# NATO FSS Stenigot, Lincolnshire - April '09



## Badoosh (Apr 21, 2009)

After a long drive through the night from Plymouth with my Son & pooch, numerous roadworks & 1 stupid driver making me miss my slip road (almost taking out an Artic & car at the same time), i finally arrived at my Lincolnshire destination almost 2 hours late to meet with Black Shuck who i'd invited along for the visit. Sincere apologies to him for being late but i think we both agree that the trip was well worth the wait!

I've decided to seperate this report from RAF Stenigot, simply because of the photographic opportunities that were to be had. This report is on the NATO role at Stenigot, which really only concentrates on the dishes that once dominated a part of the Lincolnshire Wolds. As a child, i passed these dishes on various days out to watch aircraft on the bombing ranges at Donna Nook or Wainfleet & used to stare at them in awe. Little did i think that 20 years later i would be taking my Son with me to see them up close. 

Apart from the dishes, the NATO side of Stenigot was bulldozed in the 90's, with work still continuing today to remove the deep concrete base foundations where the dishes once stood. For how long they will remain onsite is anyone's guess, but 60 feet diameter, 100 tonnes each & toxic paint may be a deciding factor in their demise.

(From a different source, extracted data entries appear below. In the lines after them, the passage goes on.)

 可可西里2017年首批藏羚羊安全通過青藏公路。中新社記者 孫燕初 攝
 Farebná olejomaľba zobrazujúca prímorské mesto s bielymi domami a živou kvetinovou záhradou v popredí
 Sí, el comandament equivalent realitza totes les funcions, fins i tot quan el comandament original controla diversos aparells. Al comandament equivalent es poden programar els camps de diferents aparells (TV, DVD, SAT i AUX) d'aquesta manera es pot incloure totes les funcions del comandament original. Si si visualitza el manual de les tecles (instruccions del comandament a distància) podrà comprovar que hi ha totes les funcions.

Links to Stenigot's history;

http://www.subbrit.org.uk/rsg/sites/s/stenigot/index.html
http://actionstations.fotopic.net/c685418.html
http://www.bbc.co.uk/lincolnshire/content/articles/2008/09/30/raf_stenigot_feature.shtml

Concrete base of where the Police/Guard House once stood to the NATO Ace High compound. In the background, top right is the remains of the WW2 Chain Home site, & mast still used by the MOD.






View of the parabolic dishes on a very windy & bleak day. Mounds of rubble are from the concrete bases.

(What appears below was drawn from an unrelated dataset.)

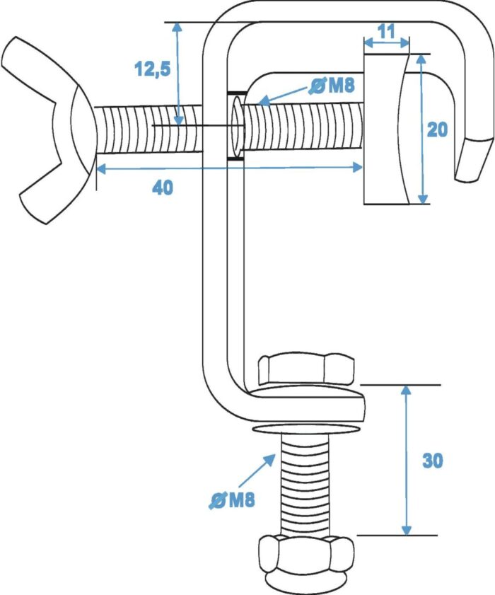 - Hook for installing projectors, lighting effects etc. via a truss system

Another angle of the dishes showing the NATO Ace High Compound security fence





Underside of a dish





Markings indicating NATO equipment





What many didn't know is that arrived at Stenigot via nearby RAF Binbrook, as these markings clearly show!





Notice the stargazers spyhole in the centre circle!





Another view...





...& another with the concrete base of a WW2 mast...

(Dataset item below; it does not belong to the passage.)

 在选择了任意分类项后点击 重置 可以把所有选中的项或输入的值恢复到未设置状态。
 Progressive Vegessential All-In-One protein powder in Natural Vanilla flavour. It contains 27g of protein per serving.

...& finally, my Son stood in the middle of one dish giving an idea of how big these beasts are!


----------



## Black Shuck (Apr 21, 2009)

Hello and good morning Badoosh! You have some fantastic shots of the dishes there mate! I have to say we had an extensive explore round this fantastic site and was an enjoyable day out with good company!. I will get my shots up later on today.


----------



## Kaputnik (Apr 21, 2009)

Didn't notice the 'Nato' or 'Binbrook' stencilled markings when i went, well spotted there!
the rubble mounds must be pretty recent, within the last couple of months.


----------



## Foxylady (Apr 21, 2009)

Ooh, I love this part of Stenigot...the history and the dishes sparked off my interest in radar sites back along. Great to see it again.
Nice one, Badoosh.


----------



## Badoosh (Apr 21, 2009)

Kaputnik said:


> the rubble mounds must be pretty recent, within the last couple of months.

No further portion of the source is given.